Until his eighteenth year Akbar remained under the tutelage of Bairam, an able general, but unscrupulous and cruel. The high-minded, generous disposition of Akbar revolted against some of his guardian’s methods, but he recognized that, for some years at least, Bairam’s experience was necessary for him. In 1560, however, he took the administration entirely into his own hands. Bairam, in disgust, took up arms against his young master, but was soon defeated and taken prisoner. With his usual magnanimity, Akbar pardoned him, and sent him off to Mecca with a munificent present; but the revengeful knife of an Afghan put an end to the turbulent nobleman’s life before he could leave India.

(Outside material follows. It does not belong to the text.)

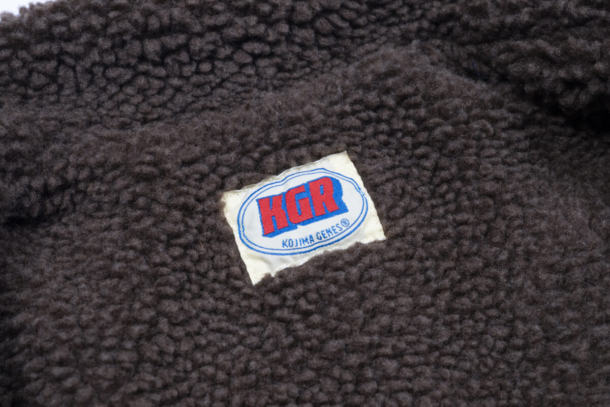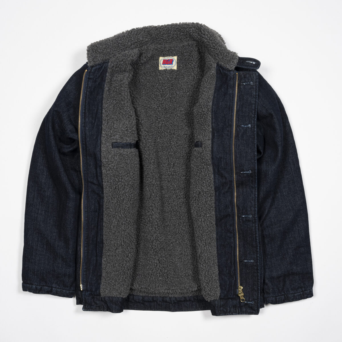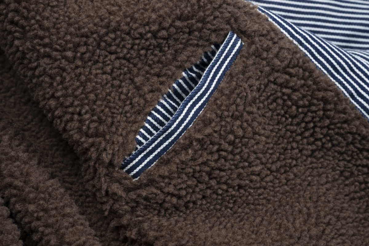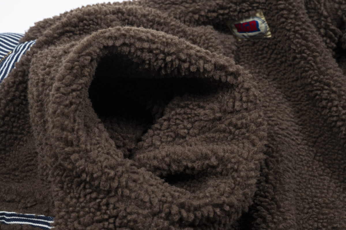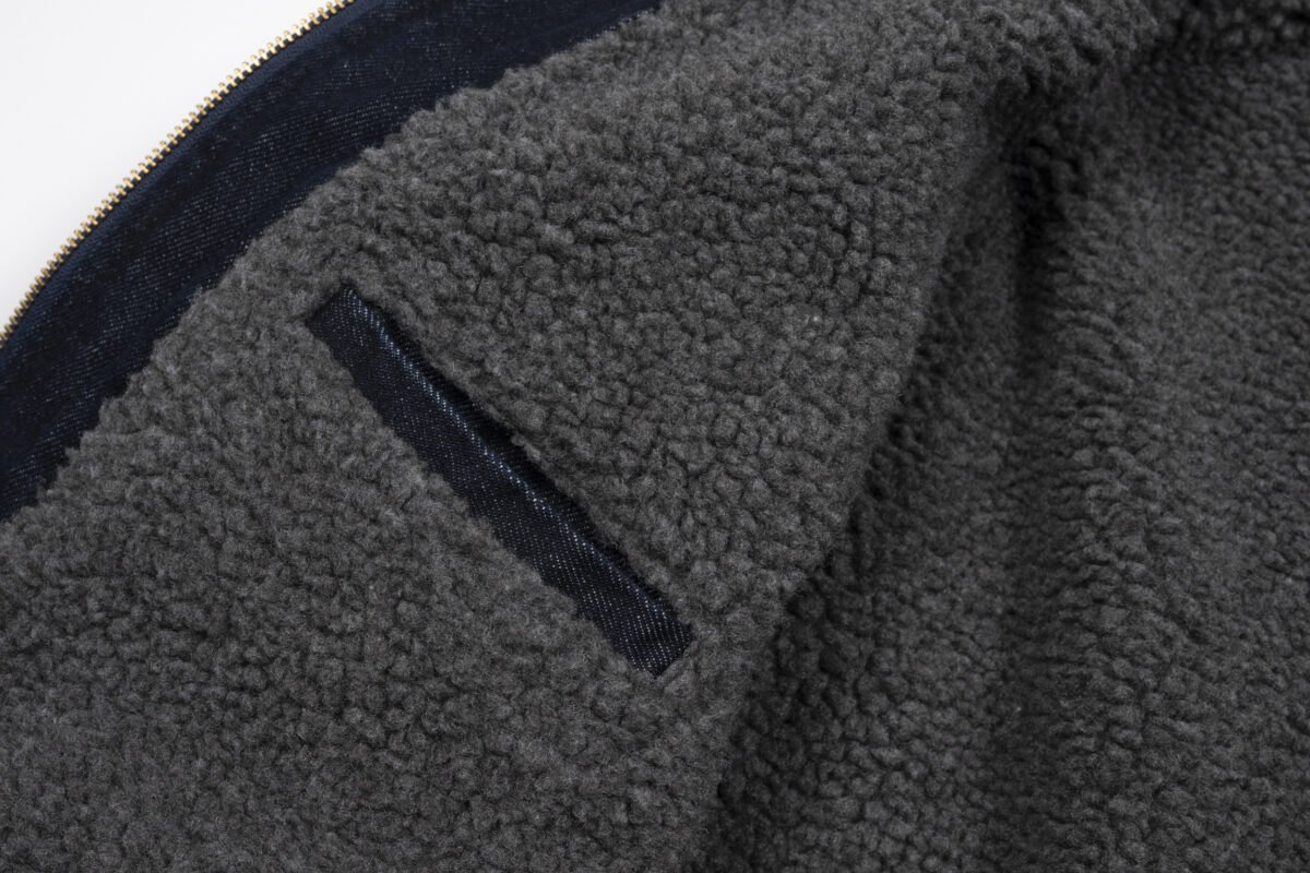 内側のボアはブラウンで、インディゴとはカラーを変えています。襟元までしっかりボアを配置しているので、首元の防寒性もしっかり確保しています。

Akbar spent the rest of his long reign in elaborating the administrative reforms which have made him famous as the greatest ruler India has ever had. With the aid of able ministers, both Hindu and Muhammadan, he purified the administration of justice, keeping the supreme control in his own hands; enjoined absolute tolerance in religious matters; abolished oppressive taxes, and reorganized and improved the system of land revenue introduced by Shere Shah. A minute account of Akbar’s reign, of his policy, habits, and character, is given in the “Akbar-nama,” the history written by his devoted friend and Prime Minister, Abul Fazl. No detail of state affairs was too small for Akbar’s personal attention. Ability and integrity were the only passports to his favour, while bigotry and injustice were anathemas to him. Like Babar, he was fond of horticulture, and imported many kinds of fruit trees and flowers into India. Though he could neither read nor write, he had a great library of Hindi, Persian, Arabic, Greek, and other books, and Abul Fazl relates that every book was read through to him from beginning to end.

The most remarkable of all this remarkable man’s intellectual activities were his attempts to bring about a reconciliation of all the discordant religious elements of his empire. Badayuni, one of his contemporary historians, but, unlike him, a bigoted Musalman, comments thus on Akbar’s religious views: “From his earliest childhood to his manhood, and from his manhood to old age, his Majesty has passed through the most various phases, and through all sorts of religious practices and sectarian beliefs, and has collected everything which people can find in books, with a talent of selection peculiar to him and a spirit of inquiry opposed to every (Islamite) principle. Thus a faith based on some elementary principles traced itself on the mirror of his heart, and, as the result of all the influences which were brought to bear on his Majesty, there grew gradually, as the outline on a stone, the conviction on his heart that there were sensible men in all religions, and abstemious thinkers and men endowed with miraculous powers among all nations. If some true knowledge were thus everywhere to be found, why should truth be confined to one religion, or to a creed like Islam, which was comparatively new, and scarcely a thousand years old; why should one sect assert what another denies, and why should one claim a preference without having superiority conferred upon itself?”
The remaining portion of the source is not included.